The existence of darkness doesn’t cancel out the light as Benatar and Larkin seem to think. It goes the other way. Light dispels darkness. Yes, in our lives we all experience pain to differing degrees. In one Talmudic famous passage (Berachot 5b), one Rabbi asks another “Is your suffering dear to you,” to which the reply is given, “Neither my suffering nor its reward.” Suffering is not a good thing and we shouldn’t pretend that it is. Would we prefer a life of no suffering? Of course, but that’s not real. Would we prefer a life of less suffering? Of course, and that’s where our moral choices come into play. Man hands on misery to man, it deepens like a coastal shelf, so check your deeds and who are you so you’re not liable yourself. The world is not all dark, it’s not all bad, and it is good that we exist because we have the potential not only to experience good but also to do good. That’s where we become stewards of our society, and of the world around us. Yes, human beings can cause unimaginable pain to each other, sometimes deliberately and sometimes without even realizing, but we are also capable of so much good. Has human history been dark and bleak? Of course it has. Judaism doesn’t hide from that but embraces that and uses it to motivate us to be better. Since we have been created, since we are recipients of human history that contains so much suffering, it is incumbent upon us to pay close attention to our actions so that we head towards a world of less pain and then ultimately toward the Messianic Age. Things started very good but didn’t stay that way but Judaism is not a despairing religion – it’s a profoundly hopeful religion. And that hope rests on us. We are the hope for the future. We face the difficulties in life and say, Yes, it would have been better had humanity not gone that way, but since we did, let’s make sure that future generations don’t suffer like so many others have.

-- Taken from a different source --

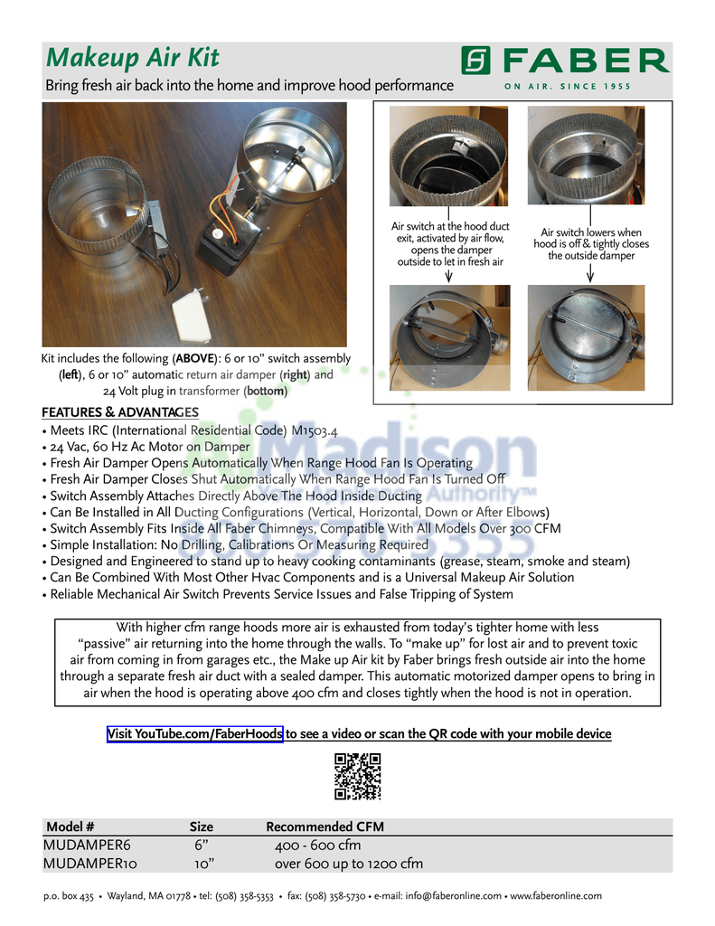Make-up Air Kit. Actual retail prices may vary by dealer. MSRP applies to the continental 48 United States and does not include such items as delivery, installation, installation accessories (i.e. range cords), or removal of old appliances. Make-up Air System. Our complete line of indoor and outdoor make-up air units gives you a broad range of options to meet your needs. Our duct furnaces can be ordered with several different options so they fit your specific requirements. Several options are also available for the outdoor and indirect indoor make-up air unit. Makeup air is outside air that replaces air exhausted from inside the building. In most houses, there are several appliances that push or pull air out of the house, including clothes dryers, bathroom fans, fireplaces and kitchen range hoods. When even one of those appliances is operating, it depressurizes the interior. Nature abhors a vacuum, so to restore the pressure balance, outside air is ... Makeup Air Systems consist of a make-up air damper, mounted on the return air duct of an HVAC system, and an intake air hood, installed through an exterior wall, to allow outdoor air into the home, with the two being typically connected by installer-supplied standard 6″ galvanized sheet-metal pipe. Functions with or without the HHSC+ control.

With that in mind, I don’t think that Hillel and Shammai are despairing, they’re being realists. They’re facing darkness and instead of saying that birth is a bad thing they’re saying that humanity went awry and it’s up to us to set humanity back on course. Man hands on misery to man, it deepens like a coastal shelf, so check your deeds and who are you so you’re not liable yourself. May we therefore never give in to despair. May we all come to remember that light dispels darkness but darkness can never dispel light. May we live in radical amazement, in the realization that a life that includes suffering can also contain innumerable moments of joy and blessing. And may we check our deeds for our own good and for the good of all humanity throughout all time. And let us say, Amen.